Exercise goal:
Below are records to give again exactly; omit each image they contain.
········
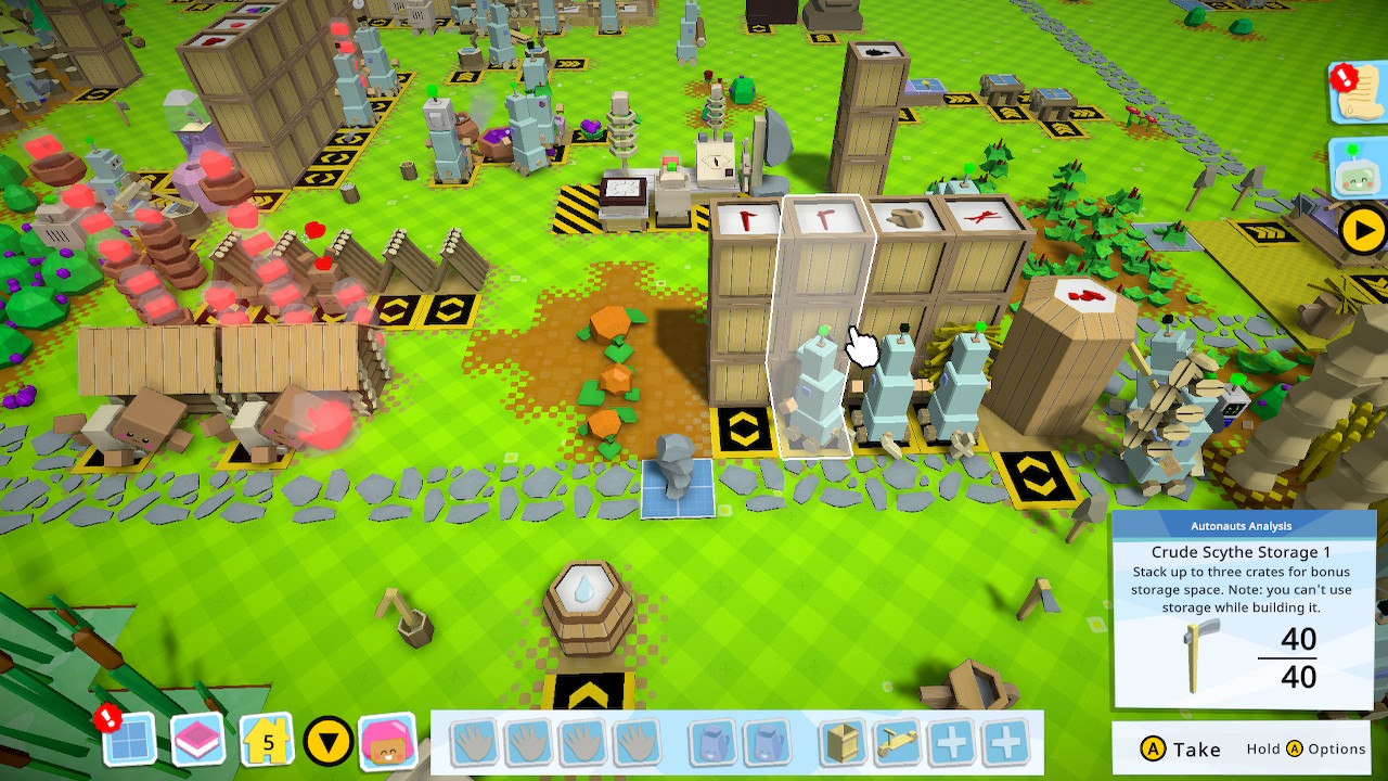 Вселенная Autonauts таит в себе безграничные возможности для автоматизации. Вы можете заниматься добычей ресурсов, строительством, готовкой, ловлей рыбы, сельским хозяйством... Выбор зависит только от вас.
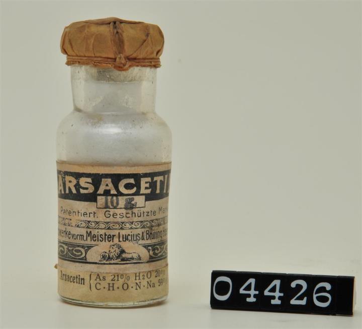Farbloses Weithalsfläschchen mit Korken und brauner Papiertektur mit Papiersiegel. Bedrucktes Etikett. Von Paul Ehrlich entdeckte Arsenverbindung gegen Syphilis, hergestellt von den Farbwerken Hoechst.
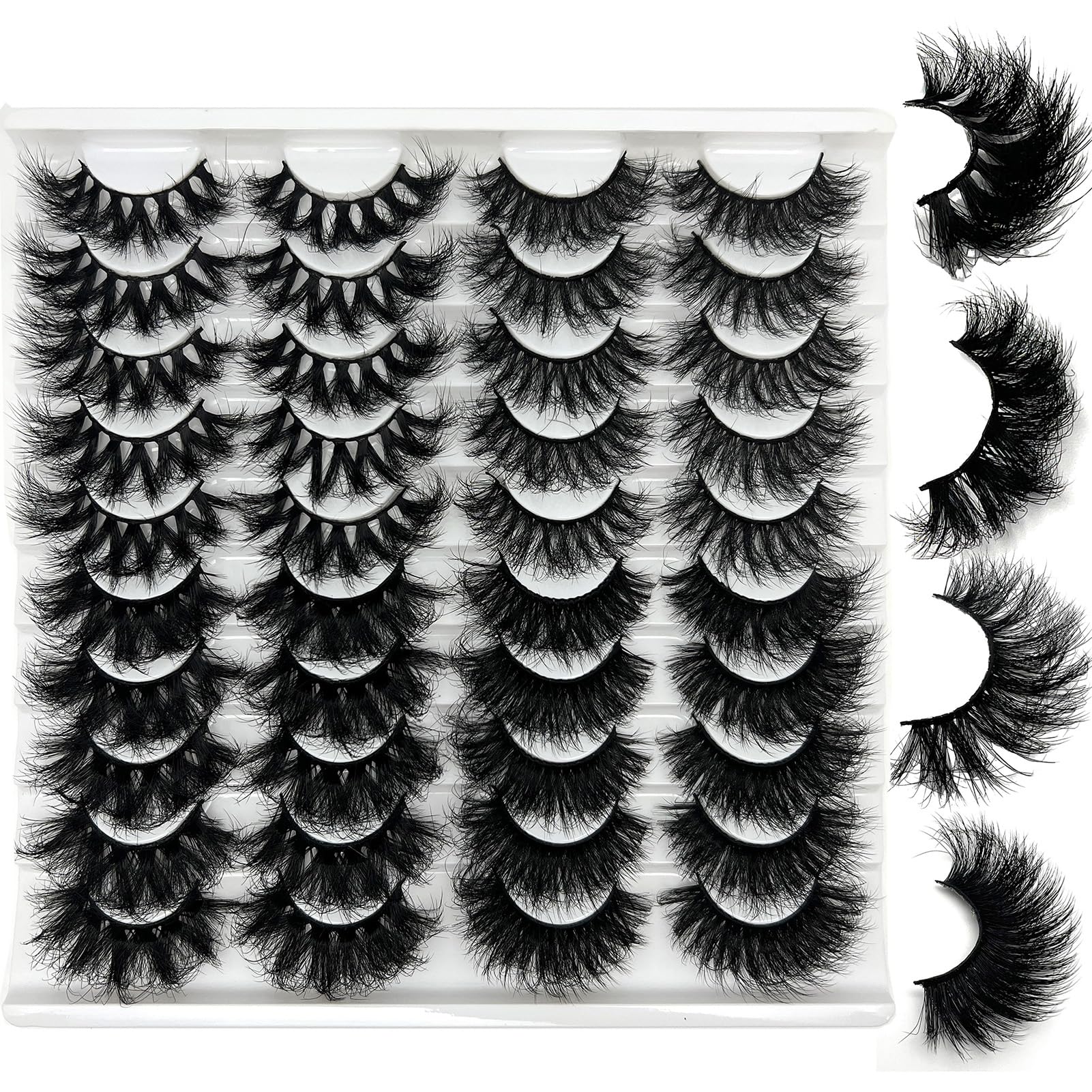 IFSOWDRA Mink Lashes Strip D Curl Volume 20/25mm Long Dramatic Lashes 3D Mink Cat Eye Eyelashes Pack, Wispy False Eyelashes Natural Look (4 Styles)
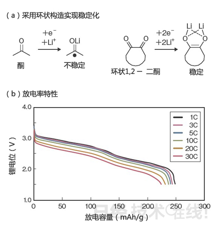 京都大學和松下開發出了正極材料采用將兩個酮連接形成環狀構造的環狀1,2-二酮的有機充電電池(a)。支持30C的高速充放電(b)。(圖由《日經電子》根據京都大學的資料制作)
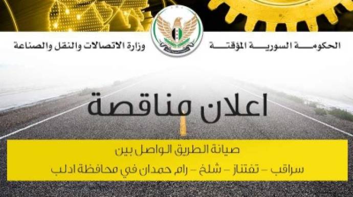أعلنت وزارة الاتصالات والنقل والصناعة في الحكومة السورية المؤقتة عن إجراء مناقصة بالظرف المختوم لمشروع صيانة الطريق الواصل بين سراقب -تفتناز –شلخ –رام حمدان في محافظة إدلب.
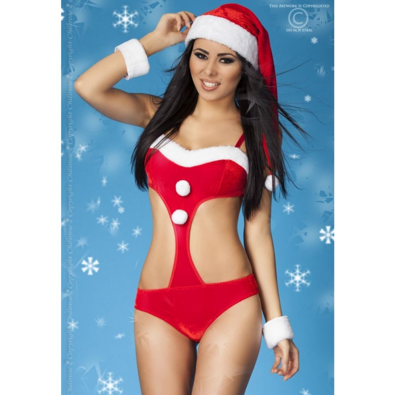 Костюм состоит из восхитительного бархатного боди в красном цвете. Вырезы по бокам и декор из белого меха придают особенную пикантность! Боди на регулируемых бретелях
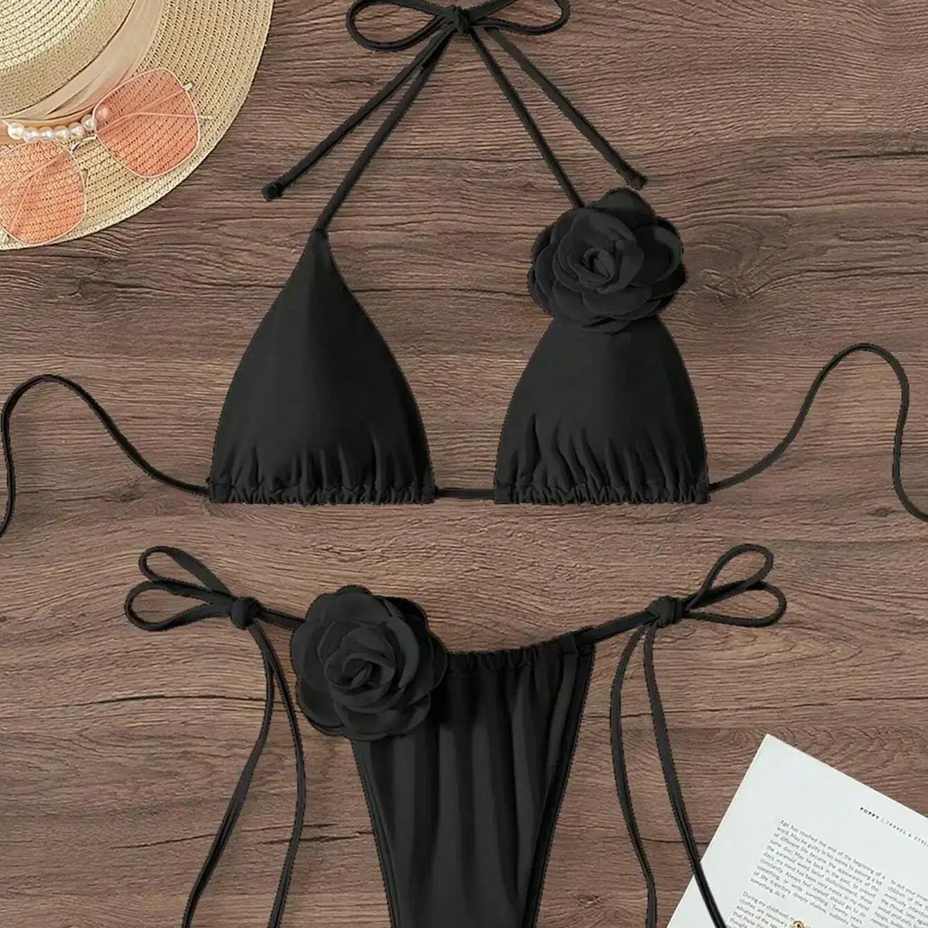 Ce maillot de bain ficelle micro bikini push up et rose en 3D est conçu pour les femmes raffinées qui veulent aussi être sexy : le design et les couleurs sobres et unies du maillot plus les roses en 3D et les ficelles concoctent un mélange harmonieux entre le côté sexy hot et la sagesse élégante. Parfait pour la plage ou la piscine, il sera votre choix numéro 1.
········
Response area:
 Вселенная Autonauts таит в себе безграничные возможности для автоматизации. Вы можете заниматься добычей ресурсов, строительством, готовкой, ловлей рыбы, сельским хозяйством... Выбор зависит только от вас.
Farbloses Weithalsfläschchen mit Korken und brauner Papiertektur mit Papiersiegel. Bedrucktes Etikett. Von Paul Ehrlich entdeckte Arsenverbindung gegen Syphilis, hergestellt von den Farbwerken Hoechst.
 IFSOWDRA Mink Lashes Strip D Curl Volume 20/25mm Long Dramatic Lashes 3D Mink Cat Eye Eyelashes Pack, Wispy False Eyelashes Natural Look (4 Styles)
 京都大學和松下開發出了正極材料采用將兩個酮連接形成環狀構造的環狀1,2-二酮的有機充電電池(a)。支持30C的高速充放電(b)。(圖由《日經電子》根據京都大學的資料制作)
أعلنت وزارة الاتصالات والنقل والصناعة في الحكومة السورية المؤقتة عن إجراء مناقصة بالظرف المختوم لمشروع صيانة الطريق الواصل بين سراقب -تفتناز –شلخ –رام حمدان في محافظة إدلب.
 Костюм состоит из восхитительного бархатного боди в красном цвете. Вырезы по бокам и декор из белого меха придают особенную пикантность! Боди на регулируемых бретелях
 Ce maillot de bain ficelle micro bikini push up et rose en 3D est conçu pour les femmes raffinées qui veulent aussi être sexy : le design et les couleurs sobres et unies du maillot plus les roses en 3D et les ficelles concoctent un mélange harmonieux entre le côté sexy hot et la sagesse élégante. Parfait pour la plage ou la piscine, il sera votre choix numéro 1.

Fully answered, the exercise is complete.